Let's pretend it didn't. Then commit and approve would be two separate
steps.  If they were, it would be more work and less convenient for
users, but it would make the distinction between ancestry and branch
certification more evident too.

It also gets at the heart of what disapprove should mean; more (rather
a long way) below.

> * Suppose you end up in the situation that you have 
>   two revisions Rev 1 and Rev 2.  And like them both, 
>   so you want to combine all the good of Rev 1 with Rev 2.
>   
>   How do you do that?
> 
>   Well that is where monotone merge/propagate is for.
>   merge/propagate does two things:
> 
>   * It will help you combine the sources from Rev 1 and Rev 2
>     to create a new set of sources Rev 3.  So we have
> 
>     Rev 1
>                   Rev 3
>     Rev 2
> 
>   * It will mark Rev 3 a superior to Rev 1 and Rev 2, so it     
>     will add the following arrows:
> 
>     Rev 1 ----->
>                  Rev 3
>     Rev 2 ----->

Provided Rev 1 and Rev 2 have a common ancestor somewhere back up the
edit graph, yes.  It's worth a discussion about the differences
between merge and propagate, with respect to how they relate to branch
certs and which revisions they will pick for 1 and 2, but without this
in the diagram, yes they look the same.

That discussion is a little like the commit discussion about 'educated
guesses' above.  Monotone provides a convenience to developers by
making educated guesses about which divergences in the graph should be
merged quickly, and which should be allowed to diverge further, based
on branch certs.

> NITPICKING RANT
> ---------------
> 
> I see the whole monotone graph as a expression of what 
> I think are good revisions, the revisions I care about.

Same point again about goodness.  You should decide what you care
about based on the certs as selectors for subsets of the graph.

> So for my personally I like maximal freedom of how
> I arrange my monotone graph, and I want the graph
> to be as explicit as possible.  So with propagate
> I prefer always a new node to be added.
> 
> Example:
> 
>         Rev 1          Rev 2   
>         branch A  ---> branch B 
> 
> Now propagate B A
> the current behavior is:
> 
>         Rev 1          Rev 2
>         branch A  ---> branch B
>                        branch A
> 
> Which completely loses the meaning that propagate has for me.

Either because you're not showing enough of the graph or you're
showing a completely degenerate case for propagate!

In the example you showed before the propagate, there are several ways
we could complete the graph:
 
 * It's complete.
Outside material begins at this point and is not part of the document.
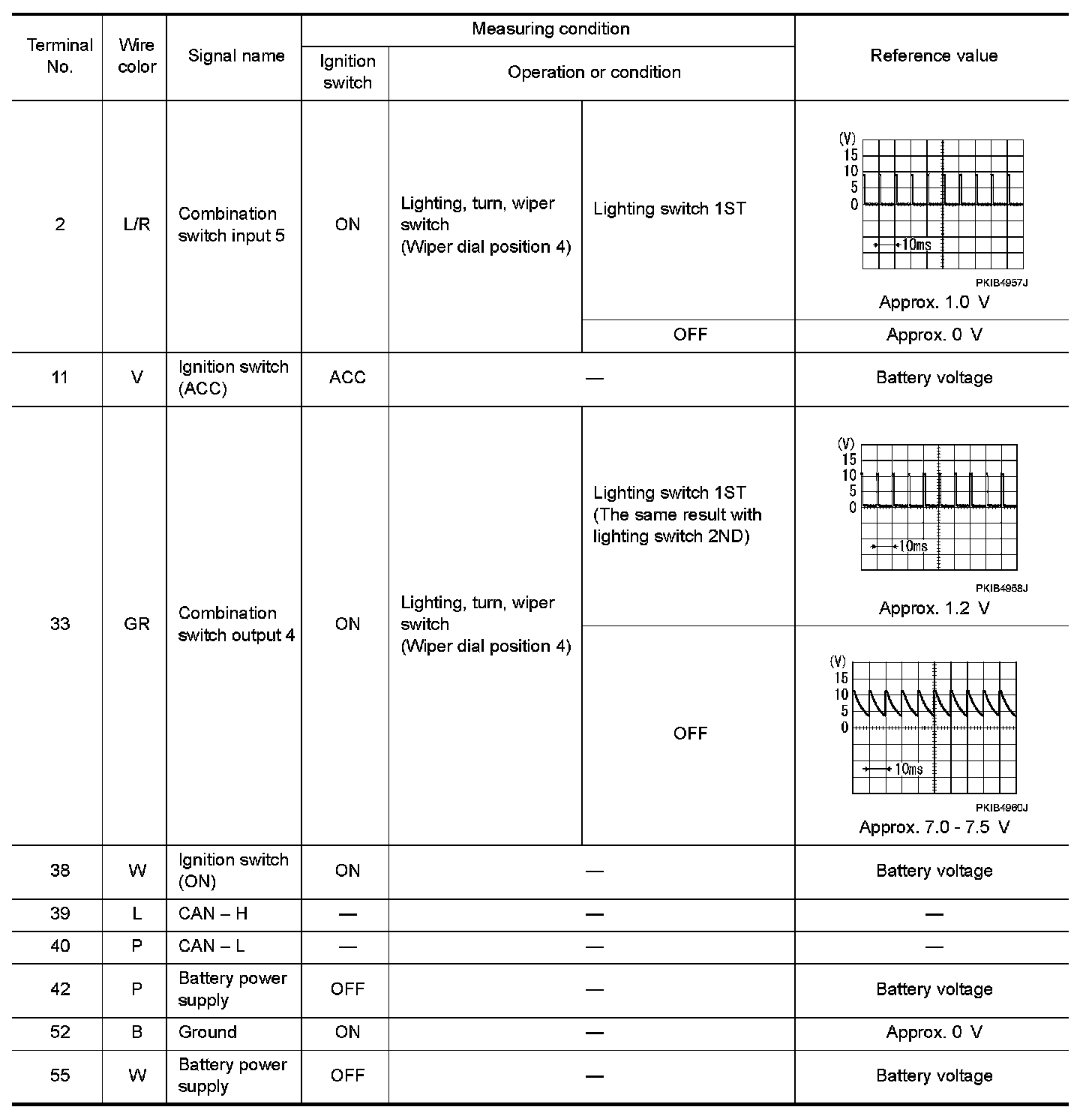 - Check combination switch system terminal waveform under the loaded condition with lighting switch, turn signal switch and wiper switch OFF not to be fluctuated by overloaded.
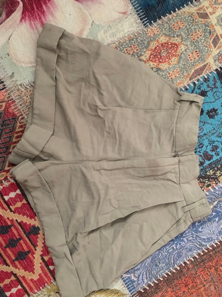 Bohem tarzı, yüksek bel, keten kumaştan bej renkli, bol kesim ve drapeli kısa şort. Günlük kullanım için uygundur.(ürün ütülenmediği için kıvrışık duruyor)

Rev 2 has only Rev 1 as an ancestor, and is the only
   rev with cert b:B.

 * Branch B is unmerged: Rev 2 adds a new head, and there are other
   revisions elsewhere in the graph with changes against an earlier
   common ancestor.  These would all have to be merged, and then the
   propagation back would bring other changes for a net new revision.

 * Branch A has more revisions, and a head somewhere further down the
   graph than Rev 1, with more changes along those edges.  The diffs
   from Rev 1 to Rev 2 would be applied to that head rev instead,
   creating a new revision with that head and Rev 2 as ancestors.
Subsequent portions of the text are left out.